# So why would I buy buckets of juice over kits



## NSwiner

I saw I can buy the buckets of vinterra juice made by Vineco so what would be the advantage over buying kits ? Is the juice better quality ? Is it so you can tweak it the way you like it ? Do you have to add things to it other then the normal things you add to kits ? Guess I could have asked the guy at the store but i really didn't have time that day .


----------



## Dugger

Darlene - these buckets are no different from the other kits you buy - they have simply added water to bring it to the full 23 liter volume. I believe you will find they contain grape juice and grape juice concentrate, just like kits, and also grape juice from concentrate, which is simply water added to grape concentrate. I understand they are convenient for those who have bad water.
Anyway, they are just another form of "kit" - the quality is probably just below the standard 16 liter kits. I'm not sure of the vinterra, but other brands have the 23 liters in a bag in the bucket, along with the normal additives. Seems to me this bag would be devilish to handle!! 
One benefit is that you get a bucket that could be used for small batches.
Cheers .. Doug


----------



## Tom

Now don't classify all buckets this way.
I get FRESH wine juice buckets from CA, Italy and Chile. These are pure wine juice. Why buy these? FRESH and no water added and they are "balanced" so you don't need to check the TA etc..! Also cheaper and you can blend them. Kits you can make anytime of the year where as fresh juice is a limited time frame only.


----------



## djrockinsteve

Tom said:


> Now don't classify all buckets this way.
> I get FRESH wine juice buckets from CA, Italy and Chile. These are pure wine juice. Why buy these? FRESH and no water added and they are "balanced" so you don't need to check the TA etc..! Also cheaper and you can blend them. Kits you can make anytime of the year where as fresh juice is a limited time frame only.

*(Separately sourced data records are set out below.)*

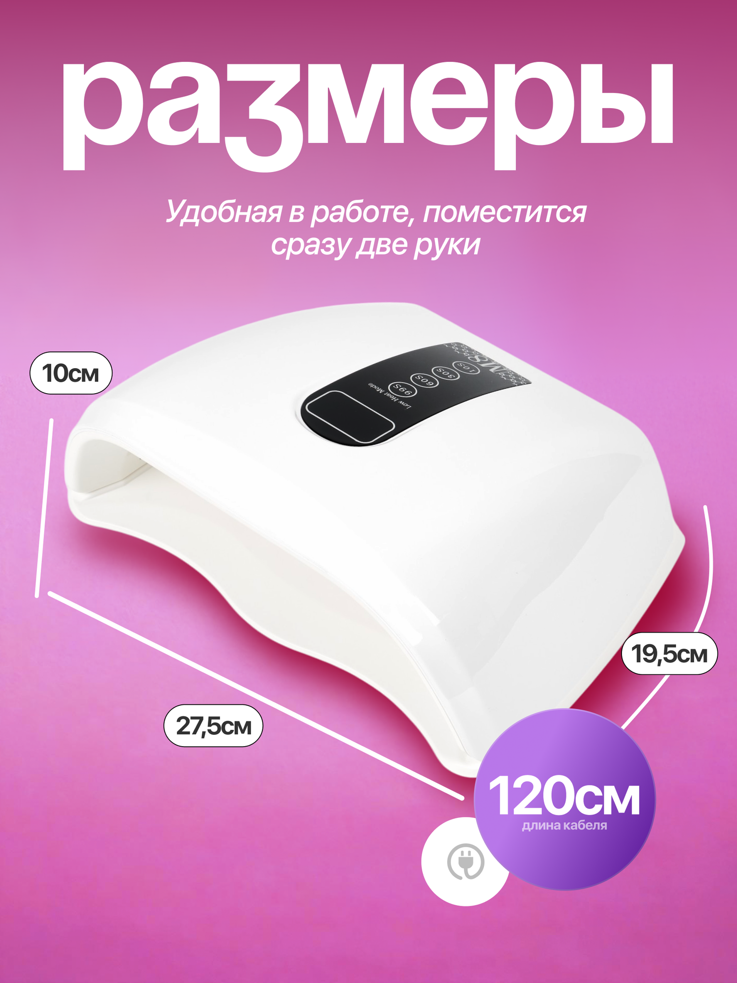 Благодаря простоте и автоматизации такую сушилку для ногтей можно легко использовать дома . Этот бытовой прибор сделает ваши ручки красивыми и ухоженными. Оборудована датчиком движения. Загорается, когда рука внутри и гаснет, когда снаружи. Режим низкого нагрева не вызывает жжения и подходит при работе с акрилом и чувствительными ногтями. Размер позволяет сушить несколько пальцев одновременно. В лампах мини, процесс занимает гораздо больше времени. Длина шнура 1,2 метра. Гарантия.
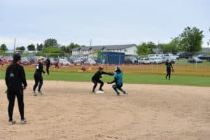 What’s the score Greg? She’s OUT HOLLAND SLIDING! I want to be a catcher… I wonder if this will fit me… Lauren will you teach me to catch? Put me in coach Can I keep the hat coach?
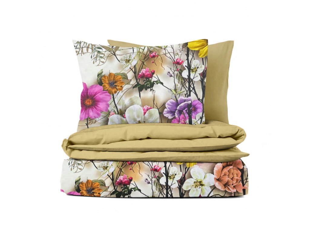 Ervi Bavlnené Saténové obliečky DELUXE DUO - Exotické kvety/olivové
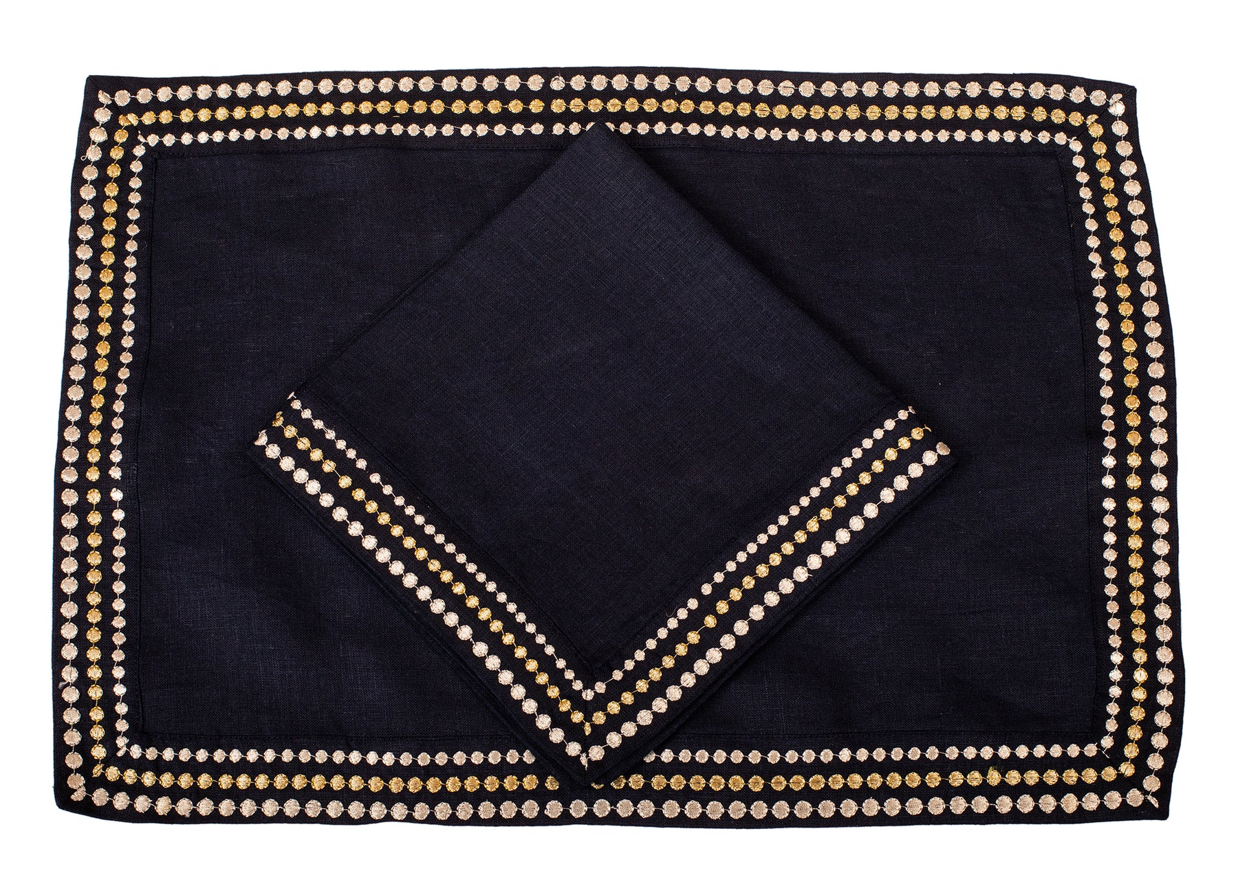 Navy blue linen placemat and napkin with silver embroidery adds glamour to the table decor.
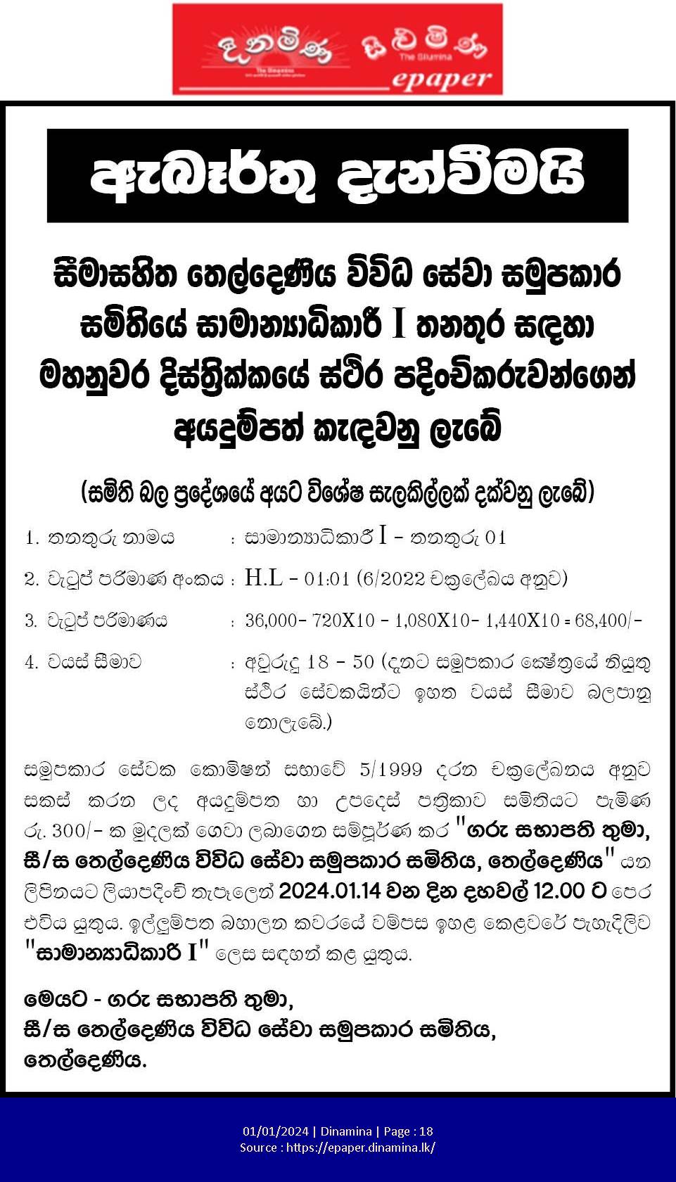 General Manager - Theldeniya Multipurpose Co-Operative Society
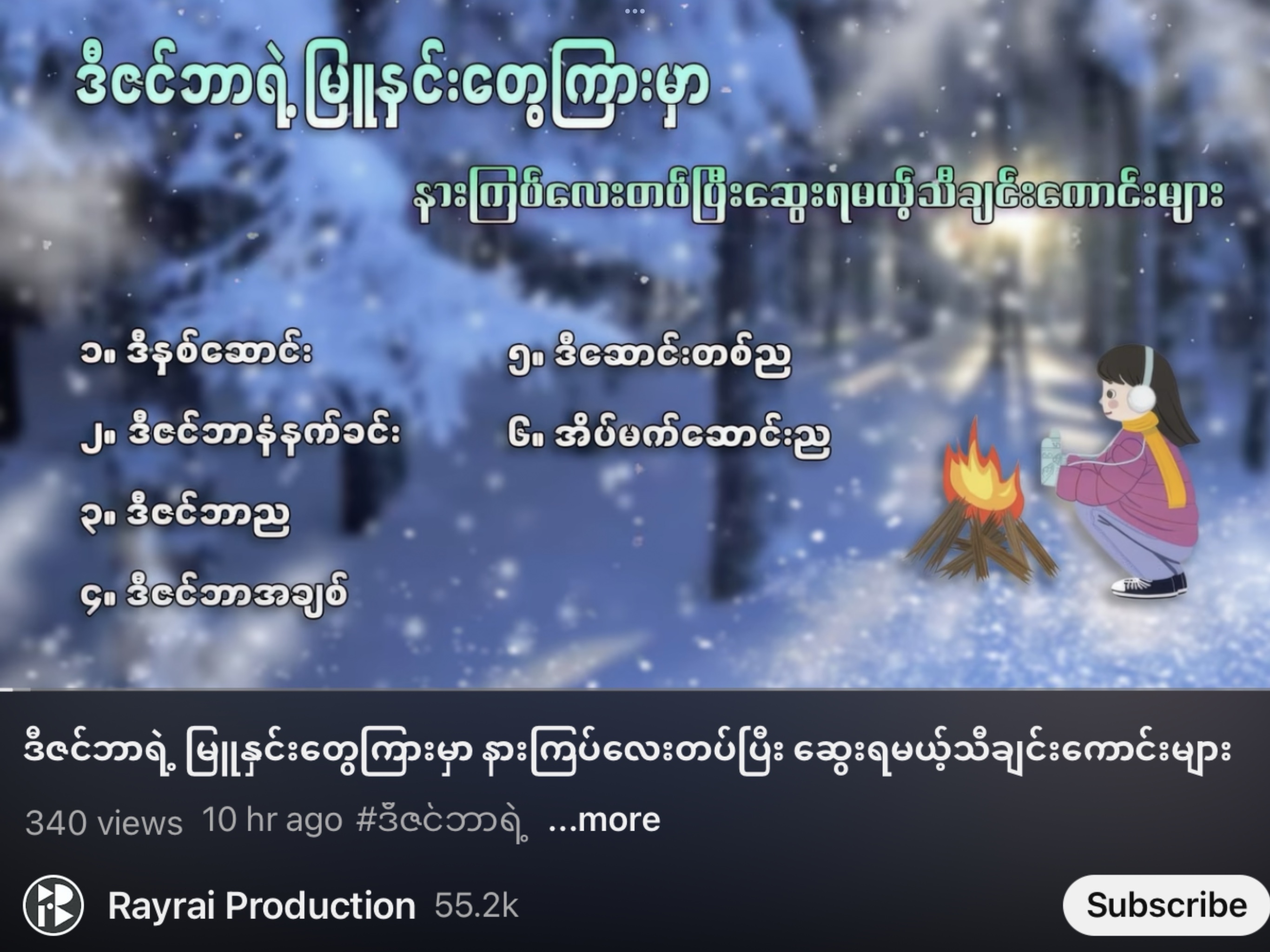 ဒီဇင်ဘာရဲ့ မြူနှင်း တွေကြားမှာ နားကြပ်လေးတပ်ပြီး ဆွေးရမယ့် သီချင်းကောင်းများ။ https://youtu.be/h6L1c07zlF4?si=f-KLJQyPqXNTL-mb

Tom's right, I get juice from California for 6 gallons it's around $42.00~$46.00 This past season I got 6 1/2 gallons after fermentation from many of the buckets. I was running out of carboys. What a bargain.

These juices are that, "juice", ph balanced and clean. The cost of some of the kits can be almost double. Yes you do get additives but if you are going to make several batches I prefer the buckets.

We've mentioned that juice from Chile comes in in May, California in September. Does anyone carry juice from Australia or other areas of the world at a reasonable cost and when are they available?


----------



## cpfan

Darlene:

According to the Vineco salespeople that I was dealing with when Vinterra was announced, the Vinterra brand is just below Ken Ridge Showcase in quality, TDS, etc. The product is a kit (not a juice product like Tom and djrockinsteve mentioned) and was created partly for a chain of stores in Ontario. It allows folks living in areas of dubious water (think Walkerton Ontario) to make a kit without adding any tap water, and is said to be very popular in some areas.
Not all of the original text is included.